Early 2000 market and regulatory pressures meant that many new derivative exchanges where being created. This resulted in many "easy" new business opportunities to sell an algo trading and market making system, as one "just" needed to connect a product to these new exchanges. However, what we did not foresee, was that this "lively" exchange business development would also have the exchanges competing "lively" among themselves and be updating their trading and quoting APIs at an unprecedented rate (e.g. every quarter). In parallel, we consistently had mismatches in our different view of distributed state, for the reason mentioned above, but also because we were exposing different state views that were easy on our end-users, but which broke distributed consistency.

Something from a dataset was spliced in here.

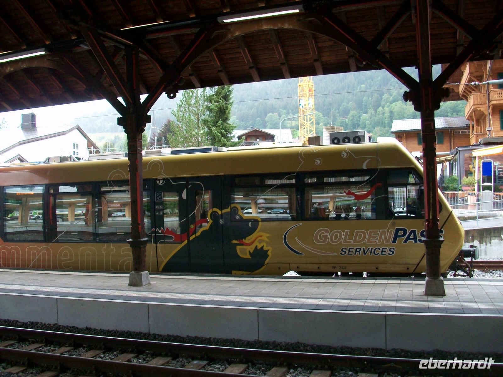 20.9.2021. Dunkle Wolken verdecken die Sonne, aber an diesem Vormittag bleibt es trocken. Nach dem der Kofferdienst unsere Sachen abgeholt hat gönnen wir uns noch etwas Zeit in Luzern und können diesmal trockenen Fußes durch die Stadt schlendern. Kurz nach elf aber sitzen wir im Zug der uns zunächst nach Interlaken bringen wird, in dieser ersten Etappe auf schmaler Spur. Schnell lassen wir Luzern hinter uns und vorbei am Pilatus, dem mächtigen Hausberg der Stadt, geht es noch ein Stück entlang des Vierwaldstätter Sees. Ein kleiner Aufstieg und wir rollen am Ufer des Sarner Sees in Richtung Giswil. Hinter dem Ort zeigt uns ein kleiner Ruck an dass wir nun mithilfe von Zahnrad und Zahnstange die Höhen erklimmen werden. Über den Brünigpass geht es hinunter in das Berner Oberland; schon von oben sehen wir einen Fluss der seine grünen Wasser dem Brienzer See zusendet – es ist die Aare. Steil steigen die Berge bei Meiringen an, so mancher Wasserfall donnert hier zu Tal und bald führt uns die Fahrt entlang des Brienzer Sees; Endstation ist zunächst der Ort Interlaken. Hier wechseln wir Spur und Zug; nach kurzem Aufenthalt geht es weiter entlang des Thuner Sees in Richtung Zweisimmen, einem weiteren Umstieg entgegen. Weiterhin malerisch verläuft die Fahrt durchs Simmental, leider bedeckt sich der Himmel immer mehr und es fängt wieder an zu regnen, schade.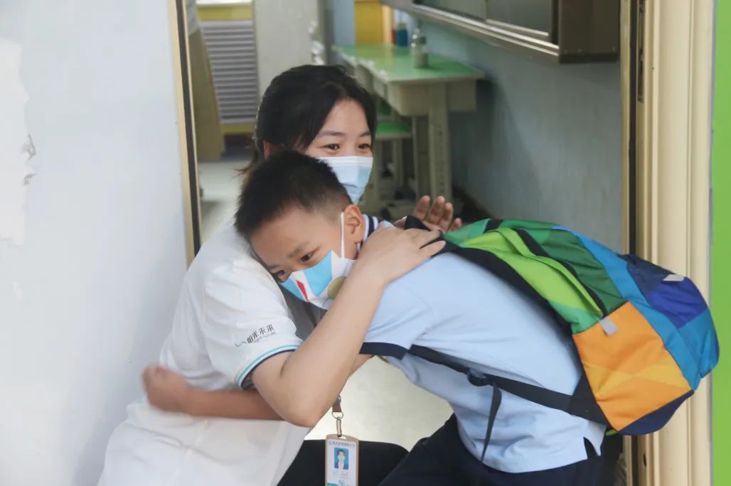 老師 我想你 隨著溫暖的陽光,一年級同學(xué)們走進(jìn)了校園,一年級(1)班的班主任劉小寒老師和一年級(2)的班主任李曉燕老師在班門口熱情的等待著同學(xué)們,經(jīng)過了短暫的周末,同學(xué)們迫不及待重返班級,與老師們開心擁抱著。

The result was, we spent most of our development resources maintaining high-performance exchange connectivity and managing a hard to manage "mismatch" of state models, with little resources left over to be strategic.

The language trap

One of my Actant partners once said: C++! It was C++ that hurt us the most. (Again Actant mentioned here). By that he meant "stick to C", but C is a subset of C++, right? So how can C++ be an issue?

Here is a timeline that will help us:
  1. Pre-C++98 (templates): we used macros, generative and model driven programming to write consistent models that ran distributed programs as multiple and consistent views of state.
  2. Post-C++98: we used templates, type unsafe models, and redundant code to write distributed programs with often inconsistent views of state.
  3. Post-C++14 (explicit template specialization): we used templates and explicit template specialization to write consistent models that run distributed programs as multiple and consistent views of state.
Because we chose to adopt the rules of C++, because we did not understand that by doing so we could not code a single consistent model of multiple views of state that we needed for distributed computing, we got "caught" in the 16 year gap of formal inconsistency that C++98 introduced! 

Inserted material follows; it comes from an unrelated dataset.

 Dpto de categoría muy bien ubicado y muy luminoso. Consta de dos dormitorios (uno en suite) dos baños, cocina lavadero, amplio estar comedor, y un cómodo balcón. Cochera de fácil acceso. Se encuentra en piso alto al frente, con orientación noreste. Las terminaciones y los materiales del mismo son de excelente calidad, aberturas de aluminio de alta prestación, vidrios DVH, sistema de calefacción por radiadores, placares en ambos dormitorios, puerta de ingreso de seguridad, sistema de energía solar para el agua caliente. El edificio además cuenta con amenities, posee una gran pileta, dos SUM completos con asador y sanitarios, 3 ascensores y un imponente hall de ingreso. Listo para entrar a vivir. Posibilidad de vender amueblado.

I write "formal inconsistency" because nothing in C++98 says that you couldn't continue to use macros, generative and model driven programming to get around the limitations of templates. The thing is "we do not know what we do not know", so we did not know that it would have been best to ignore the "formal" template solution and stick with our old technics. And that is example of a language trap.

A language trap is when developers choose to adhere to limiting coding language semantics without understanding that they are "shooting themselves in the foot" because they are no longer able to "get things right" when adhering to these limiting language rules. In some sense, a language trap is a technical form of semantic barrier.

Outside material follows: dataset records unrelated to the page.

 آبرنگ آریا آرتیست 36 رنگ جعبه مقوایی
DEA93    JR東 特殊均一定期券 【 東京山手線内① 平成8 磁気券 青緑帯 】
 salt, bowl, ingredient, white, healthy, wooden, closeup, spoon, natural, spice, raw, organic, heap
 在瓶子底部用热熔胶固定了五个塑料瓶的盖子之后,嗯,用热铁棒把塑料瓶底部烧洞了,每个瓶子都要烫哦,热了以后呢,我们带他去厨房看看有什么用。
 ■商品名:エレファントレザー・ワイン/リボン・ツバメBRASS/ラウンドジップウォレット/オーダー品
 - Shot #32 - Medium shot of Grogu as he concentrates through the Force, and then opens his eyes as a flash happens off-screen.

Unfortunately, again "we do not know what we do not know". So we may or not be in a language trap, we do not usually know if this is the case. In early 2000, we did not realise how much the choice of purist C++ approach had been a bad choice.

My learning from that period was: never let a language nor language purism restrict you. Because you do not know how that it harming you until it is too late. The safer and future resistant approach is to deconstruct "a single language", and be purist in how you formally compose multiple language constructions.  An advantage of this approach is that it may also be applied consistently across multiple languages.

All original content copyright James Litsios, 2019.